Wij danken het netwerk palliatieve terminale zorg Roermond e.o. en het netwerk palliatieve zorg
Moerdijk/Drimmelen voor het beschikbaar stellen van hun informatie omtrent de palliatieve kit.


Werkgroep Palliatieve Kit
Theo Cleef, huisarts Venlo-Zuid
Marie-José Dirven, wijkverpleegkundige TGV-team Groene Kruis
Hugo Gudde, ziekenhuisapotheker VieCuri MC
S. Hermelijn, apotheker (dienst)apotheek Venlo-Zuid
Mariëlle Meevis, coördinator NPTZ Noord-Limburg
Annet Meyer, huisarts Belfeld
F. Verheesen, apotheker (dienst)apotheek Venlo-Zuid
N.B. In deze procedure wordt gesproken over huisarts. In principe kunnen ook specialisten, artsen en
arts-assistenten de procedure starten.
Wat is een palliatieve kit?

Een palliatieve kit is een koffer waarin zich alle benodigde hulpmiddelen (zie bijlagen 1 en 2)
bevinden om acute symptomen in de palliatieve terminale fase door middel van subcutane toediening
direct te behandelen in de thuissituatie.

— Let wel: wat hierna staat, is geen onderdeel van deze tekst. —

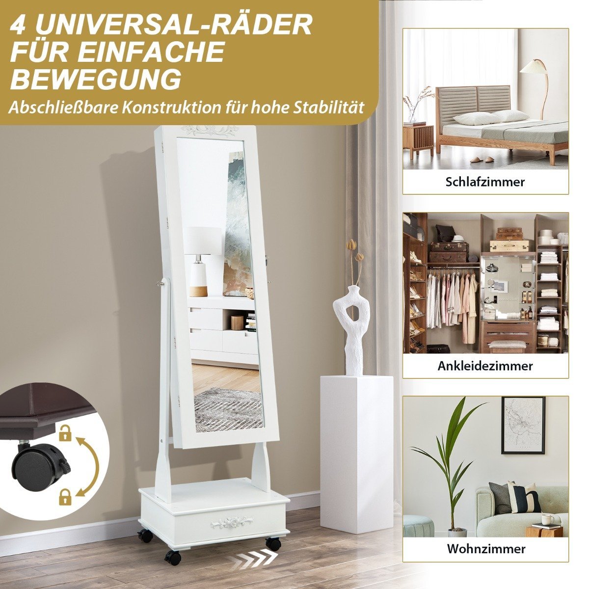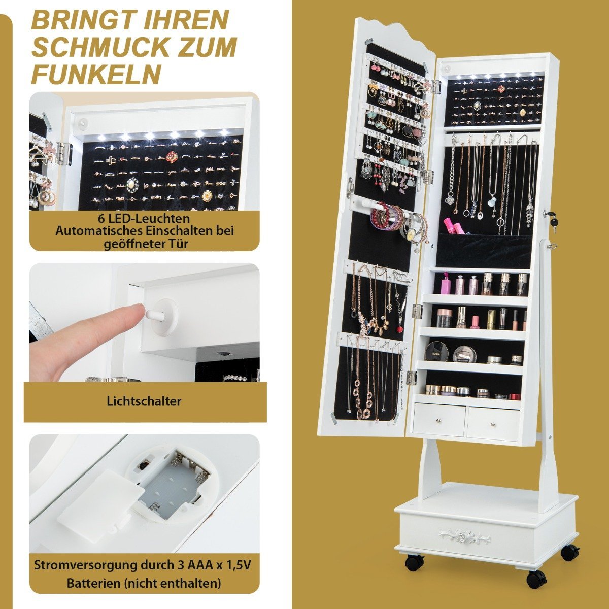 Pastatoma papuošalų spintelė su pilno dydžio veidrodžiu ir LED apšvietimu (Balta)
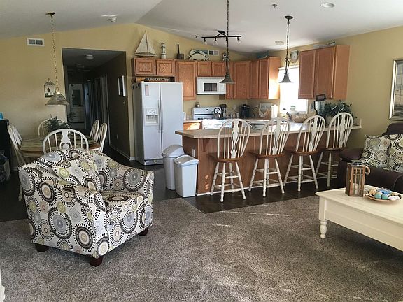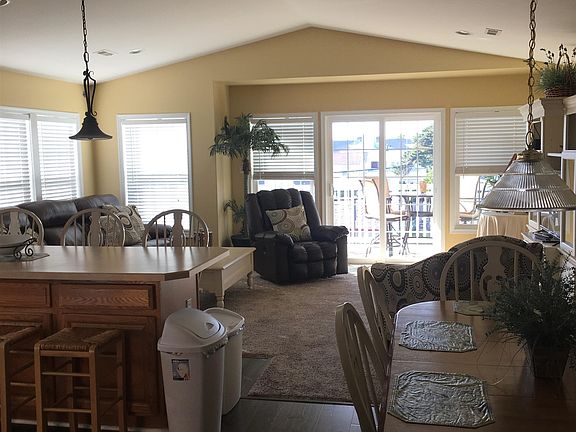Beautiful move in condition second floor flat in the heart of North Wildwood. Property features an open concept with cathedral ceilings in the living room along with sliding glass doors leading to sun filled deck. There is a large breakfast bar in the kitchen with a gas stove, microwave, dishwasher and refrigerator. The dining area is a good size-perfect for a large gathering. The large primary bedroom has cathedral ceilings with an attached bath and plenty of closets. The 2nd bedroom has 2 sets of bunk beds that sleeps 4, hall bath with tub/shower and the 3rd bedroom complete the unit. There is a large storage area on the ground level along with a trash room and over sized front garage with opener. All furniture and wall hangings are included in the sale. The owner has not signed any leases for '22. Show and sell!!

Naast de pomp met de bijbehorende cassettes, lijnen en
naalden is medicatie en klein verbandmateriaal aanwezig.
De inhoud van de kit is samengesteld naar voorbeeld van een reeds bestaande palliatieve kit in de
regio Roermond e.o. en Moerdijk/Drimmelen. De werkgroep heeft de inhoud beoordeeld en
aangepast aan de verwachte behoefte. Mogelijk dat de inhoud in de toekomst aangepast dient te
worden.
In eerste instantie wordt er met één kit gewerkt voor de hele regio Noord-Limburg met als standplaats
Venlo. Mocht na een half jaar de kit positief geëvalueerd worden dan zal een tweede exemplaar in
Venray worden gestationeerd. Daarnaast wordt er naar de mogelijkheid gekeken om de kit van
omliggende netwerken te gebruiken indien de afstand tussen deze kit en de patiënt korter is dan de
palliatieve kit te Venlo.
De palliatieve kit is gestationeerd bij (dienst)apotheek Venlo-Zuid. De apotheek is verantwoordelijk
voor de kit op het moment dat de kit aldaar gestationeerd is.
De kit is 24 uur per dag beschikbaar voor gebruik bij een patiënt thuis, in het verzorgingshuis, hospice
of bij ontslag uit het ziekenhuis naar de thuissituatie. Een verpleegkundige van het Team
Gespecialiseerde Verpleging (TGV) van de thuiszorgorganisatie kan deze kit afhalen en gebruiken.
De (dienstdoende) huisarts is verantwoordelijk voor de medische indicatie, het voorschrijven van de
medicatie en de inloopsnelheid. De TGV-er is verantwoordelijk voor de correcte wijze van toediening
en het gebruik van de pomp. Alle middelen afkomstig uit de palliatieve kit kunnen bij de patiënt thuis
gebruikt worden.
De TGV-er die de kit bij de apotheek ophaalt is tijdens het gebruik verantwoordelijk voor de inhoud
van de kit. Dit betekent dat degene die de kit op komt halen er zorg voor dient te dragen dat deze
geretourneerd wordt naar de apotheek. De huisarts is verantwoordelijk voor het recept ten behoeve
van het aanvullen van de kit.

Doelen palliatieve kit

Het beschikbaar stellen van een palliatieve kit heeft als doel:
• adequate behandeling in de thuissituatie van regelmatig voorkomende symptomen door middel
• snelle en continue (24 uur’s) beschikbaarheid van alle benodigde materialen voor gebruik in de • door de vereenvoudiging van procedures zo snel mogelijk met de behandeling kunnen starten. Dit betreft de behandeling van acute symptomen in de palliatieve terminale fase; • uniformering van hulpmiddelen en materialen.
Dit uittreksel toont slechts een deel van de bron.